Author: Dr. Jyotsna Sen Gupta

Converted into SLM by: Dr. Vishal Singh

#### INSTRUCTION IMPLEMENTATION

- 4.0 Objectives
- 4.1 Introduction
- 4.2 Functional Units
- 4.3 Instruction Implementation
- 4.4 Timing and Control
- 4.5 Stored Program
- 4.6 Instruction formats
- 4.7 Instruction Cycle
- 4.8 Instruction Types
- 4.9 Addressing Modes
- 4.10 Summary
- 4.11 Self-Check Exercise
- 4.12 Suggested Reading

#### 4.0 Objectives

In this lesson, the student will learn about the implementation of an instruction. The student will also learn as to how the instructions are stored in the memory. This lesson will also explain about the format of and types of instructions. In the end, various addressing modes used while implementing an instruction will be discussed.

#### 4.1 Introduction

Implementation of an instruction requires many computations to take place at the hardware level. The instructions are stored in memory. The Central Processing Unit (CPU) should know in which addresses the instructions are stored and in what addresses, data is stored. The instructions are stored in various formats. The instructions are stored in various parts of the memory. There are various methods by which the program will address the instructions.
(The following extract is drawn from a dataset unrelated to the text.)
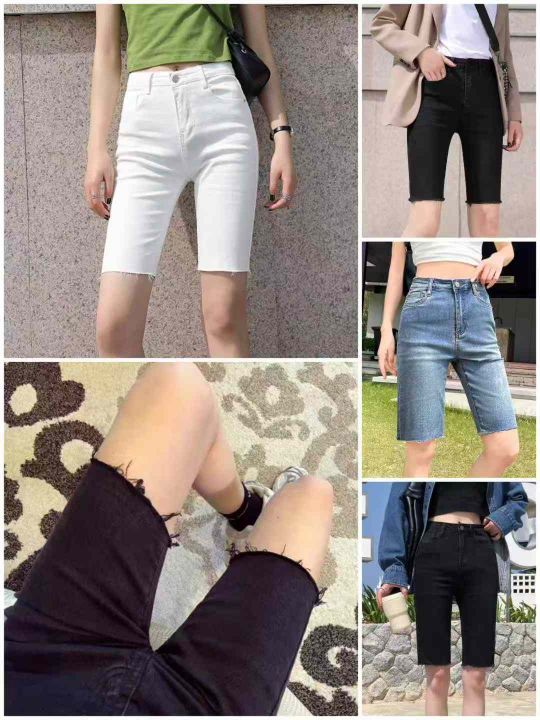 夏季新款高弹力洗水棉网红复古弹力紧身直筒骑行牛仔5分裤,独立包装带吊牌...
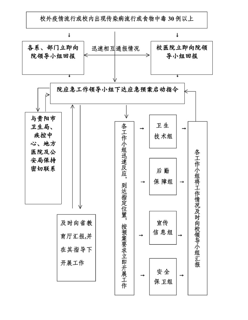 各系、部门(单位)或个人在发现校内发生或可能发生突发公共卫生事件的,都有及时报告的责任和义务。学院接报后应迅速组织调查核实。经调查核实确属突发公共卫生事件的,由学院宣布启动应急预案。国内或区域内出现重大疫情可能会影响到学院的,也应按要求启动应急预案。应急启动等级参照《国家突发公共卫生事件应急预案》或《贵州省重大食品安全事故应急预案》规定从严掌握执行。

## 4.2 Functional Units of a Computer

Computer organization is the structure of high level parts of the computer like - CPU, memory and input-output devices, whereas computer design is the structure of low level parts like gates, flip-flops, logic arrays etc. The organization of a computer consists of study of three main functional units which are: Processor, Memory and Input/Output devices. The control unit fetches the instructions from the main memory and determines their type. It generates control signals and microoperations. The arithmetic and logic unit (ALU) performs operations like addition, subtraction, Boolean AND, OR etc. that are needed to carry out instructions. Registers are a very high speed memory within the CPU that stores temporary results, data for computation and certain control information. The most commonly used registers are the Program counter, Instruction register, Memory address register, Memory Buffer register.
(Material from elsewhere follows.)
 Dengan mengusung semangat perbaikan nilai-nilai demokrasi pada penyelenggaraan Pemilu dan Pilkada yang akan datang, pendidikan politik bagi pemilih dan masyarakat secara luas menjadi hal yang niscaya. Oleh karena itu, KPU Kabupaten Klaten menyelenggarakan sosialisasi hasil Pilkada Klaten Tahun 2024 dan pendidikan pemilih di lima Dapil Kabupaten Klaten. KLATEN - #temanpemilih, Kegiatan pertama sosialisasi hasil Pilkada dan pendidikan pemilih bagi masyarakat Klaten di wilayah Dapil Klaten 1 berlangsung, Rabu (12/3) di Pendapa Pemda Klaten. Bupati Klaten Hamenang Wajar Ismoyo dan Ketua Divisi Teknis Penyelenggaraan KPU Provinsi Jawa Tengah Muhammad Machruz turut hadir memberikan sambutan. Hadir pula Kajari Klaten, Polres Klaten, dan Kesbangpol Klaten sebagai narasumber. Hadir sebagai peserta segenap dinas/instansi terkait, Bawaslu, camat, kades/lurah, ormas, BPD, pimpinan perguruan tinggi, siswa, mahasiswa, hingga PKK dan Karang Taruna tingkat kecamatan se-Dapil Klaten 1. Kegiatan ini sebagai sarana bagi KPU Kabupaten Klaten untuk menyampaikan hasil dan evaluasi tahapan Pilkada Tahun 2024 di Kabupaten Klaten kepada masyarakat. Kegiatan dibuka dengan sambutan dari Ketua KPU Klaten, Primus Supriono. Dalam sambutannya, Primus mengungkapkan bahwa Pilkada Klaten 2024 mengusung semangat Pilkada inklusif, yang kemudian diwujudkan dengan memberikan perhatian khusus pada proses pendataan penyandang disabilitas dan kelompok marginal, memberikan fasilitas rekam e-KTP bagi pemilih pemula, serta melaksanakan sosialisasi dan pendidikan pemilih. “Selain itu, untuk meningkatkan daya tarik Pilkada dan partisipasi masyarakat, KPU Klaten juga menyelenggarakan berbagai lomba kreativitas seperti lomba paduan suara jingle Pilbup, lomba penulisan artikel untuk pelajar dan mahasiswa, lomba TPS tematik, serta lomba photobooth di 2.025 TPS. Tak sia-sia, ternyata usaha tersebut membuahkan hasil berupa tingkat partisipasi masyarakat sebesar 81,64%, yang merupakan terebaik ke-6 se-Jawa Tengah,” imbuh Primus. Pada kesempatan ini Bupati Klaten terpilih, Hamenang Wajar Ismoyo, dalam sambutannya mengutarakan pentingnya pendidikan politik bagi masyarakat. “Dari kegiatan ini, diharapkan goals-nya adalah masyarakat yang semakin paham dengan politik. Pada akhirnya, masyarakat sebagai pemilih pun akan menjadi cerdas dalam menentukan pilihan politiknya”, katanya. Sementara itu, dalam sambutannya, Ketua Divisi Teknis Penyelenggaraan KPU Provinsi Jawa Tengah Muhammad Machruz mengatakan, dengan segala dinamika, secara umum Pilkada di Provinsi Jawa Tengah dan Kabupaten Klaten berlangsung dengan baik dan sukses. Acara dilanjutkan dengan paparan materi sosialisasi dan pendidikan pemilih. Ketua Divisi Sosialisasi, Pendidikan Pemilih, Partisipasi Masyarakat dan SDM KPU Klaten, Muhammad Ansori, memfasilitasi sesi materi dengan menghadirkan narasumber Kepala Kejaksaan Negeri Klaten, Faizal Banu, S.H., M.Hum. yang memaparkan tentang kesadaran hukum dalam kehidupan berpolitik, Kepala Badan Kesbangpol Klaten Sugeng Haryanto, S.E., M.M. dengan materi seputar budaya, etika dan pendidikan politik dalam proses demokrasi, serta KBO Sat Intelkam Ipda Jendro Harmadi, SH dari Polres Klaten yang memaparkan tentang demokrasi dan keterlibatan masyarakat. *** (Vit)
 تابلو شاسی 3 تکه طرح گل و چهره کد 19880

The organization of the CPU is based on the functions it performs which are to fetch an instruction, decode it and execute it. They are explained as follows:

- **1. Fetch Instruction:** CPU reads instructions from memory
- 2. Change Program Counter (PC)
- **3. Interpret instruction:** Determine the type of instruction fetched.
- **4. Decode Instruction:** Instruction is decoded to determine what action is required.
- 5. Fetch data: If the instruction uses data, fetch it from memory or I/O devices
- **6. Execute instruction:** The execution of the instruction may require arithmetic or logical operations on data

#### 7. Write data: The results are stored in the memory location.

To do these operations, CPU needs to store some data temporarily in the CPU registers. Figure below shows the block diagram of a processor. The input to the processor is the instructions from the memory that are to be executed, and data from the memory that is needed for executing these instructions. The output of the processor is the resulting data from execution and is stored in the memory. The three units are interconnected through internal buses, which are different from the system buses.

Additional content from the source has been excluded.